Fission products and half-life of isotopes
Isotopes | Fission yield (%) | Half-life |
---|---|---|
134Cs | 6.80 | 2.10 years |
137Cs | 6.20 | 30.17 years |
90Sr | 5.93 | 29 years |
140Ba | 6.36 | 12.8 days |
144Ce | 4.50 | 285 days |
Competition between isotopes can occur when the 137Cs isotope is separated from other isotopes using zeolite from Lampung. Therefore, it is necessary to test the selectivity of NH4-zeolite cation with Cs, Sr, Ba, and Ce [21]. The selectivity test results of the NH4-zeolite cation with Cs, Sr, Ba, and Ce are shown in Fig. 5.

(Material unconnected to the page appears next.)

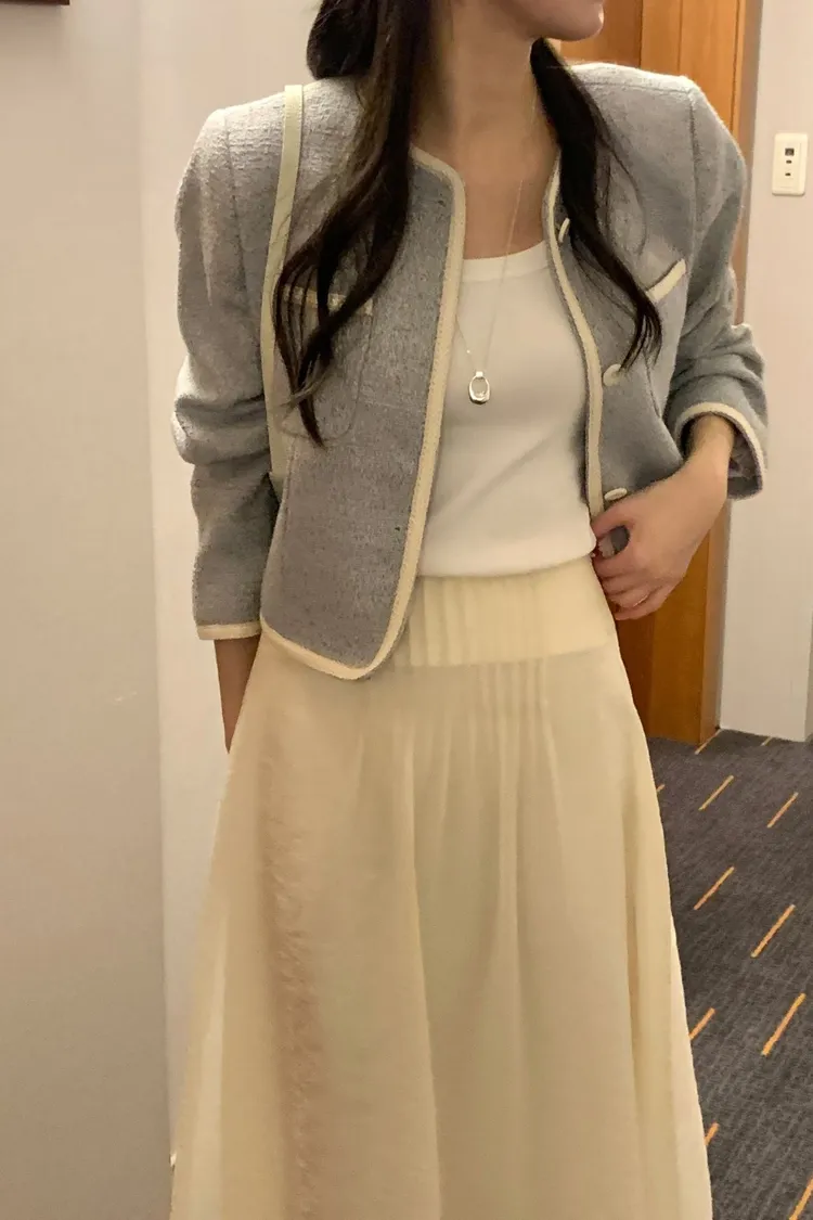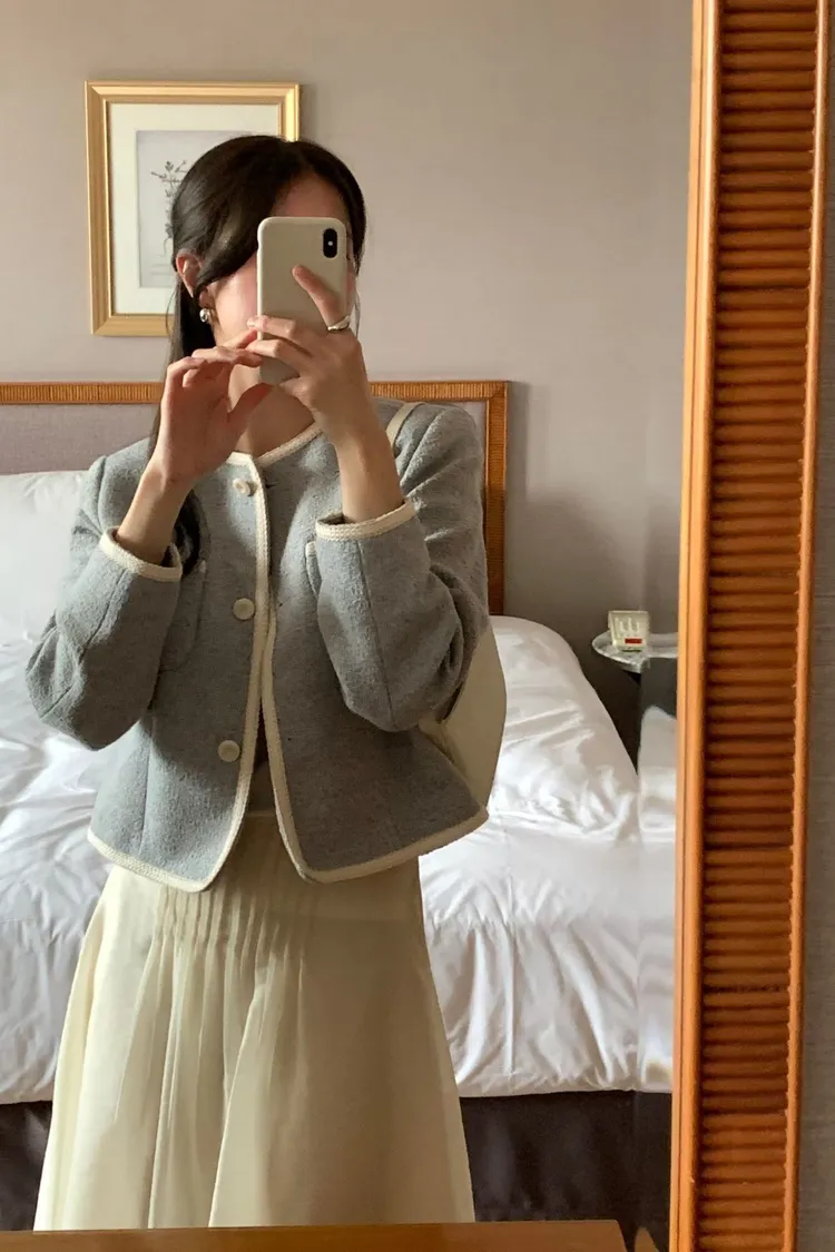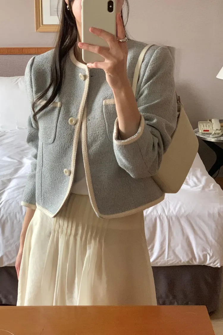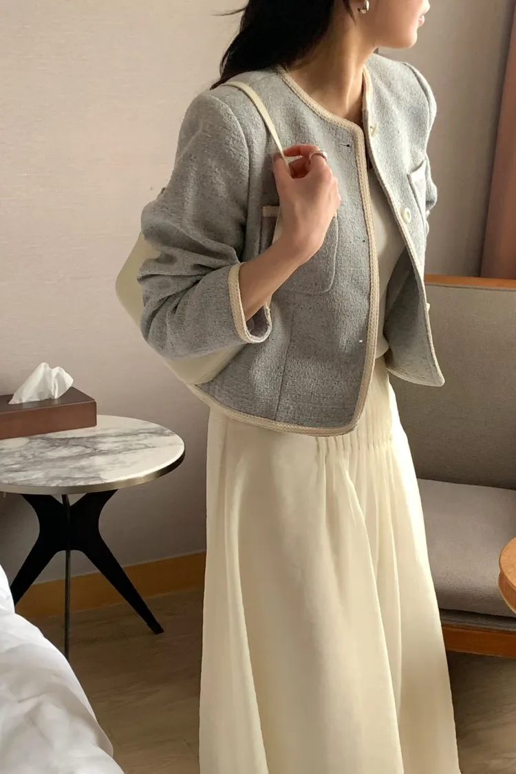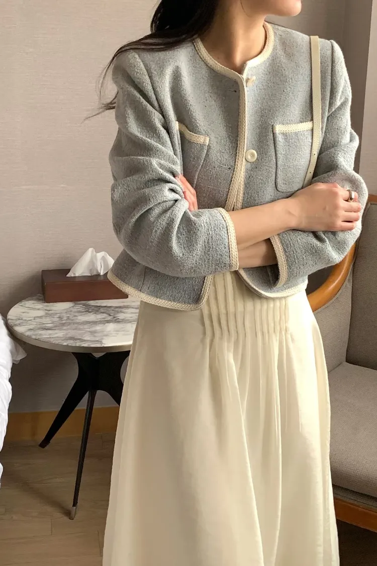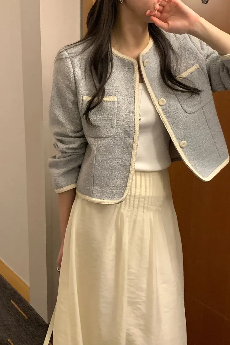 早春~細緻滾邊口袋外套

Figure 5 shows that 137Cs isotope is more selective toward NH4-zeolite compared to 90Sr, 144Ba, and 144Ce isotopes. This is because the size of the NH4 ion radius is 148 pm, while the size of the Cs+ and Sr2+ ions is 167 pm and 112 pm, but the hydrated radii of NH4, Cs+, and Sr2+ are 331, 329 and 412 pm, so Cs+ will be easier to exchange with NH4 compared to Sr2+ in the zeolite framework. This is supported by the results of other researchers regarding the calculation of the selectivity coefficient of zeolites from Lampung for the Cs+, Sr2+, Ba, and Ce ions as shown in Table 10 [21].
Selectivity coefficient of zeolites from Lampung [21]
Cation exchange | Cs+ | Sr2+ | Ba2+ | Ce+ |
---|---|---|---|---|
NH4-zeolite | 1.44 | 1.22 | 1.22 | 1.10 |
K-zeolite | 1.20 | 1.04 | 1.10 | 1.00 |
Na-zeolite | 1.40 | 1.04 | 1.12 | 1.00 |
The results of the separation of 137Cs isotope in nuclear fuel of U3Si2/Al post-irradiation by a cation exchange method using zeolites from Lampung are shown in Fig. 6 and Table 11, while the separation of 137Cs using Dowex resin (synthetic resin) is shown in Table 12.
Recovery of 137Cs isotope in the fuel element plate of U3Si2/Al using zeolite
Sample code | Weight of sample in 150 mL (g solution) | Content of 137Cs before given zeolite (mg) | Content of 137Cs after given zeolite (mg) | Recovery (%) |
---|---|---|---|---|
Top | 0.1539 | 0.0287 | 0.0285 | 99.3031 |
Middle | 0.1546 | 0.0343 | 0.0340 | 99.1253 |
Bottom | 0.1557 | 0.0447 | 0.0443 | 99.1051 |
Recovery of 137Cs isotope in the fuel element plate of U3Si2/Al using resin Dowex
Sample code | Weight of sample in 150 mL (g solution) | Content of 137Cs before given zeolite (mg) | Content of 137Cs after given zeolite (mg) | Recovery (%) |
---|---|---|---|---|
Top | 0.1554 | 0.0341 | 0.0334 | 98.0122 |
Middle | 0.1542 | 0.0302 | 0.0297 | 98.4482 |
Bottom | 0.1540 | 0.0284 | 0.0276 | 98.1428 |
Figure 6 shows the isotopes spectrum of 134Cs and 137Cs bound in the solid phase at 604.7 keV and 661.7 keV, respectively. The isotope content of 134Cs obtained by measuring cesium using a gamma spectrometer is very small while the content of 137Cs is very large. This is due to a half-life of 134Cs of only around 2.1 years and 137Cs of around 30.17 years.
From Tables 11 and 12 obtained recovery separations for 137Cs isotope in U3Si2/Al fuel post-irradiation using zeolite from Lampung and resin Dowex was about the same around 98% to 99%. This shows that zeolite Lampung can replace resin Dowex as a cation exchange material for the separation of 137Cs isotope.
Zeolites from Lampung had the greatest Si/Al ratio, CECs, surface area, and adsorption when compared to those from Bayah and Tasikmalaya. The
The results of the recovery separation of 137Cs isotope in nuclear fuel of U3Si2/Al post-irradiated using zeolite from Lampung and resin Dowex were about the same around 98–99%. This shows that zeolite Lampung can replace resin Dowex as a cation exchange material for the separation of 137Cs isotope in nuclear fuel.